Multi-Scale Interactions in the Planetary Boundary Layer over Complex Terrain

US Army's Dugway Proving Ground (DPG), located in the northwest corner of Utah, USA, is characterized and surrounded by complex land-surface and terrain contrasts. Important features include the Great Salt Lake to the northeast, the West Desert playa to the west, numerous narrow mountain ranges in close proximity, and distant broad and high plateaus. Thermally-driven circulations of different scales associated with these geographic features dramatically impact the evolution of the planetary boundary layer (PBL) at DPG. The relative contribution of these different circulations varies both diurnally and seasonally. Further, synoptic scale features remote from DPG such as thermal lows over Nevada and Great Basin Cyclogenesis have a profound impact on the PBL over DPG. A better understanding of these multi-scale circulations at DPG and their interactions will improve operational forecasts at DPG and offer insight to multi-scale interactions elsewhere. Additionally, as part of the MATERHORN program to improve mesoscale model forecasts in complex terrain, this research will allow better identification of model shortcomings by accurate diagnosis of the features that the models do not skillfully predict.

For this study 38 permanently installed automatic weather stations (AWS), each with periods of record (POR) extending 10-15 years, are used to characterize the surface wind field in and around DPG. AWS installations are well distributed spatially and sample the relevant land-surface features.
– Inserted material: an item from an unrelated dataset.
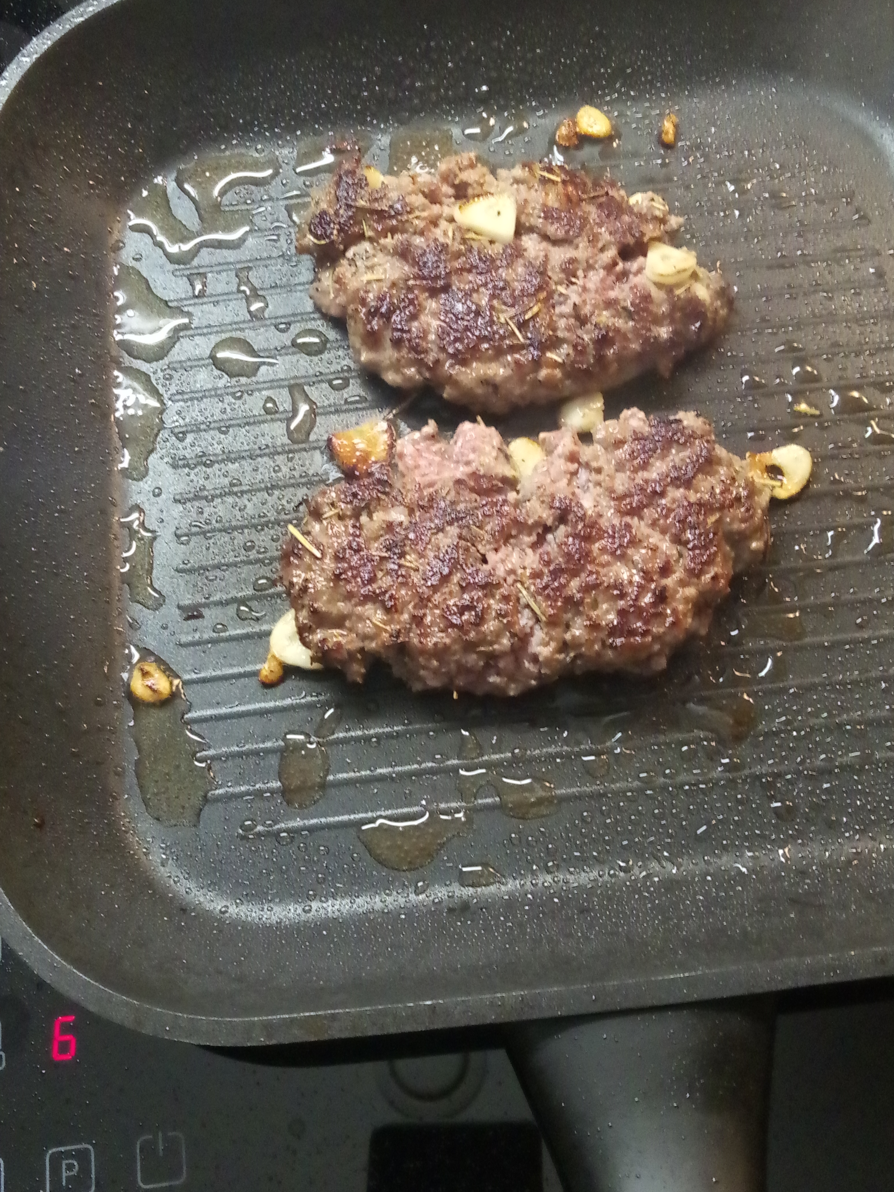 Doe in olijfolie in een braadpan en zet nog niet op het vuur, maar doe wel de gegrilde groenten er alvast in. Snijd de tomaten in stukken en voeg die erbij. Zet de grillpan weer op het vuur en laat heel heet worden. Leg nu het platte gehakt erin en grill aan beide zijden donkerbruin zodat er een stevige korst op komt. Houd het vuur hoog en blus het gehakt, nadat je zelf de Brandy geproefd hebt 😉 , met de Brandy (sound of the Kitchen, tsssss). Laat de alcohol (zonde) verdampen. Haal het gehakt uit de pan en leg op een snijplank. Doe de overgebleven saus in de braadpan bij tomaat/groente mengsel.

A wind climatology based on this dataset is used to identify persistent features on hourly and monthly time scales. ERA-Interim reanalysis data and a 15-year climatology of upper-air soundings at Salt Lake City International Airport enable examination of synoptic scale influences.

Combining the above datasets the annual PBL evolution at DPG can be divided in to 4 seasonal regimes. The first, encompassing the months December-February, is dominated by persistent valley cold-air pools that induce the lightest mean surface winds of the year despite the peaking of the 700 hPa wind speeds at this time. The second regime, from March-May, is defined by northerly 850 hPa flow that is superimposed upon DPG by the climatological maximum of cyclogenesis in the lee of the Sierra Nevada and southern Utah that occurs during these months. The third regime, from June-August, includes the strongest mean surface wind speeds of the year despite the minimum in 700 hPa wind speed at this time. These strong surface winds are a result of the strong thermal low that forms over Nevada during the summer months, inducing strong southerly flow at 850 hPa. The fourth regime, from September-November, best displays thermally-driven circulations resulting from the local geography at DPG as it is not influenced by any of the aforementioned synoptic-scale phenomena.

During each of these 4 seasonal regimes, mesoscale and microscale circulations operate on individual slopes and valleys. The strength of these smaller-scale circulations varies seasonally as they are modulated by the amount of solar heating. It is onto these flows that successively larger-scale influences are superimposed to create the full climatological wind evolution.